I don't want to eschew
fat grapes bursting on my tongue
raisins sticky-dark sweet

to lose the sensation of
emerging from the funeral parlor
blinking in the wet sunlight

to set myself apart
never raising my glass in song
unthreaded from the tapestry

so I settle into the chair
I tip my head back, close my eyes
and relish the clench of towel

afterward, I toss my head
to feel the swish, the gift
of air on the back of my neck

and all the oaths
I haven't uttered
crackle salty on my tongue


This week's Torah portion, Naso, contains much to work with. The prose d'var Torah that I posted earlier this week (a Radical Torah repost) focused on the ritual of the sotah. This week's Torah poem, in contrast, rose out of a different part of the portion: the laws of the nazir (sometimes rendered "Nazirite" in English), someone who takes on particular stringencies as part of a vow to God.

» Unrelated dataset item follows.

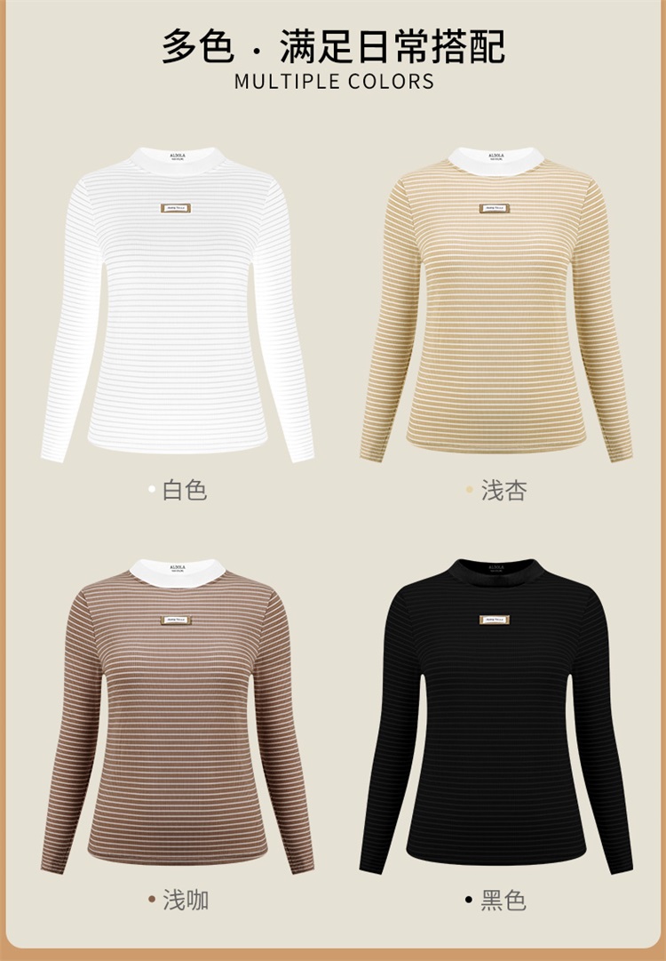 雅黛丽保暖上衣条纹打底衫可外穿修身显瘦秋冬季圆领长袖单件秋衣

Because it is no longer possible to end a term as a nazir (the Torah ritual depends on making sacrifices at the Temple which hasn't stood in two thousand years), rabbinic authorities today discourage the taking-on of these vows in the strongest of terms. Judaism has never been a tradition of asceticism. But I found the images in this part of this week's Torah portion deeply evocative, and they sparked the images in this week's poem.

Does anything about the idea of the nazir speak to you, either in a positive way or a negative one? What does this poem, or this Torah portion, raise for you?